TASK DIRECTIONS —
Every line in the data below from the one containing "紀(jì)念活動(dòng)" down to the one containing "1P VS 2P mode: Shoot", both included, must be retyped exactly; no other line is to appear.

DATA TO USE —

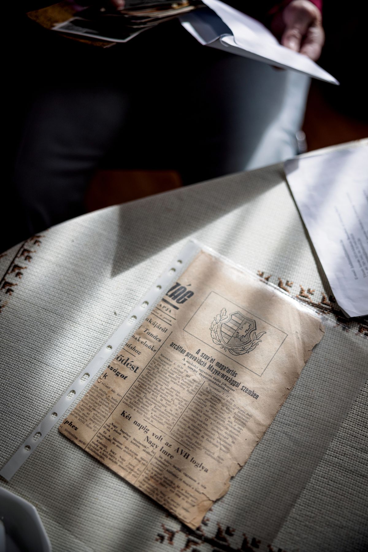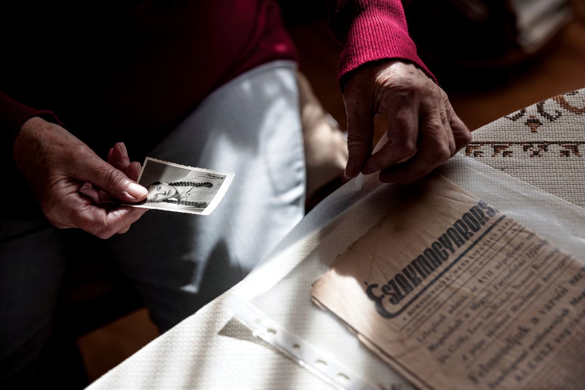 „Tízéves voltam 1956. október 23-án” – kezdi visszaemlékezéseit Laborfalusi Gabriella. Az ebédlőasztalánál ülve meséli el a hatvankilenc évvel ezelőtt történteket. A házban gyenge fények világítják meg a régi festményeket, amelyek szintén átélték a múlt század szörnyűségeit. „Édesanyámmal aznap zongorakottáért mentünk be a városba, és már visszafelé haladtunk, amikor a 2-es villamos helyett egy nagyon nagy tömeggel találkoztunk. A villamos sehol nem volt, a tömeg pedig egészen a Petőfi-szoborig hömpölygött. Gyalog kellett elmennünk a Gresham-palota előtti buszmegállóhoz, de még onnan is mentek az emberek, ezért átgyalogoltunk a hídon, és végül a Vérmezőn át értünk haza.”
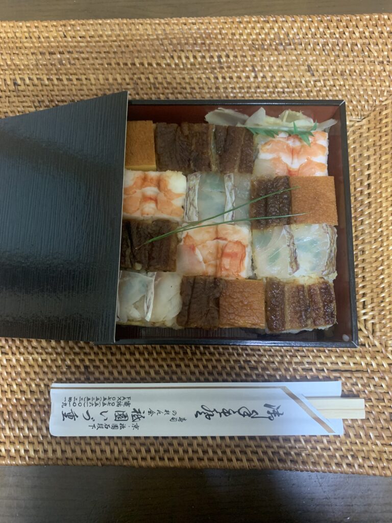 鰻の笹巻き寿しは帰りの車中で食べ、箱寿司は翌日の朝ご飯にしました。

* * *

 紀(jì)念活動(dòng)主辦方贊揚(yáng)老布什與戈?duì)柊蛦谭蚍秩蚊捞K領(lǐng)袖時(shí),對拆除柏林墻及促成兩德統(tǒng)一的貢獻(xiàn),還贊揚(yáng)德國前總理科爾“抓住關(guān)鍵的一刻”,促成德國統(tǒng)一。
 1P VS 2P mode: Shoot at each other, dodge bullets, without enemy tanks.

==

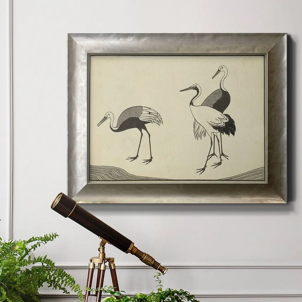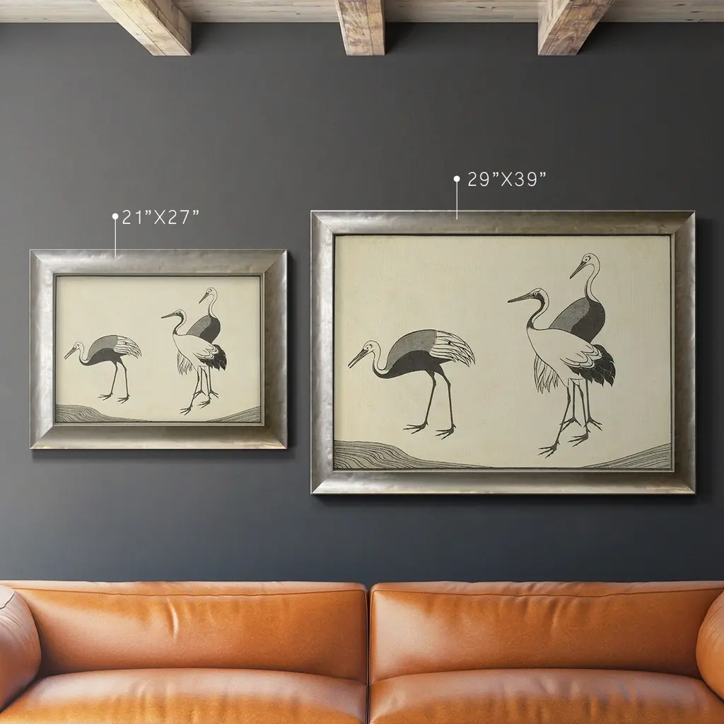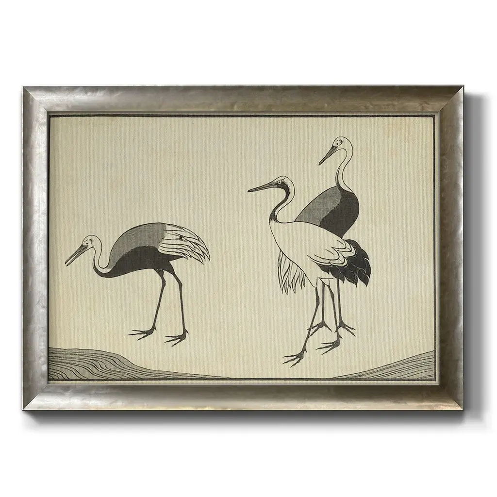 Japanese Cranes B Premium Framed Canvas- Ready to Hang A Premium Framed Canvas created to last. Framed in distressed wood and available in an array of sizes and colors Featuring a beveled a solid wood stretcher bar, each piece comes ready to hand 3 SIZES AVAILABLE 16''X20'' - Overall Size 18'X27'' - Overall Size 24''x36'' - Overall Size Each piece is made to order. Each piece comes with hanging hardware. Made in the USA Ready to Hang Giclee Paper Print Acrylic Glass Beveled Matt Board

REPLY —
 紀(jì)念活動(dòng)主辦方贊揚(yáng)老布什與戈?duì)柊蛦谭蚍秩蚊捞K領(lǐng)袖時(shí),對拆除柏林墻及促成兩德統(tǒng)一的貢獻(xiàn),還贊揚(yáng)德國前總理科爾“抓住關(guān)鍵的一刻”,促成德國統(tǒng)一。
 1P VS 2P mode: Shoot at each other, dodge bullets, without enemy tanks.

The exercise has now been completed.